Yeah, fixed DC give a feeling of objectivity but using d20 skill checks rigidly doesn't otherwise give me a feeling of fairness, which is more important to me.

The root cause is because skills represent wildly different things that cannot be balanced without a good DM's policy.
 

MNblockhead

A Title Much Cooler Than Anything on the Old Site
Count me among the "fixed DC" people as well. A standard lock should be DC 15 to pick whether the character attempting it is level 1 or level 20, or whether he has +1 or +10 to the check. You become more skilled, things get easier.

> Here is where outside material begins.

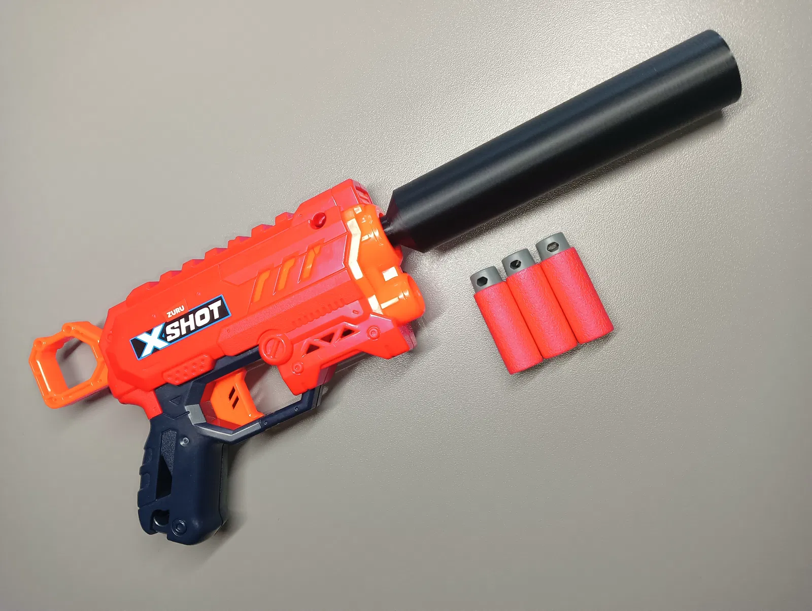 Đây là inline clip chứa 3 viên short dart phong cách ống giảm thanh dành cho các loại blaster nạp đạn phía trước. Tôi đã tối ưu hóa và tinh chỉnh nó cho dòng X-Shot Micro 2.0 mới. Tuy nhiên, các loại blaster nạp trước khác cũng có thể dùng được nếu thể tích ống pít-tông tương đương. (Tôi cũng đã thêm phiên bản cho dòng Micro 1 cũ và yếu hơn).

I guess the same kind of "relative difficulty" would have such GMs populate the city guard with guards that have 11 hp and +2 to hit when the characters are level 1, and then suddenly if the characters return to the same city when they are level 10, the same guards have 90 hp and +7 to hit... :LOL:
Given that this is how a number of popular video games work, I can see why many players would apply the same logic to their D&D games.
 

ECMO3

Hero
Nice document. My issues are more around the lack of engagement in leveling and the skill system. You set it and forget it at level one and then that's it. I do like the flexibility of 5E system, its just sort of boring when it comes to chargen. I wish my character could do more to specialize, improve, and be versatile.

I hated the 3E skill system and specifically disliked its tie in with leveling and skill points. I disliked how I could start at level 1 and be awesome at something and then by level 8 you completely suck at it becasue the target moved. I like how 5E gives you feat and subclass options to boost skills if that is what you want to do without making you invest resources level after level just to maintain.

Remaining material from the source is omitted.